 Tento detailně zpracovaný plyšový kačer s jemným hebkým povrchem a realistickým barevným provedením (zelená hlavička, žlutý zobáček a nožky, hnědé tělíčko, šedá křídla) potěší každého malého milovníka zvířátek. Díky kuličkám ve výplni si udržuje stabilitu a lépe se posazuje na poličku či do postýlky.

○ ○ ○ ○ ○

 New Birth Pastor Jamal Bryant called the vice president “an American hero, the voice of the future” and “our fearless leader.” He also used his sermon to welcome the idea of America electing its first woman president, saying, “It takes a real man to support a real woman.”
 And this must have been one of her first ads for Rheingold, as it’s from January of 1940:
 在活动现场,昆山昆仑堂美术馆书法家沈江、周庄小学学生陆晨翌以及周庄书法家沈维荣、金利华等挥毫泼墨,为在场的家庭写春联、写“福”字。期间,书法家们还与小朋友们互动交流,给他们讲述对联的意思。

○ ○ ○ ○ ○

Return the lines containing "first", taking each one from the listing.

**Exercise response**:
 New Birth Pastor Jamal Bryant called the vice president “an American hero, the voice of the future” and “our fearless leader.” He also used his sermon to welcome the idea of America electing its first woman president, saying, “It takes a real man to support a real woman.”
 And this must have been one of her first ads for Rheingold, as it’s from January of 1940:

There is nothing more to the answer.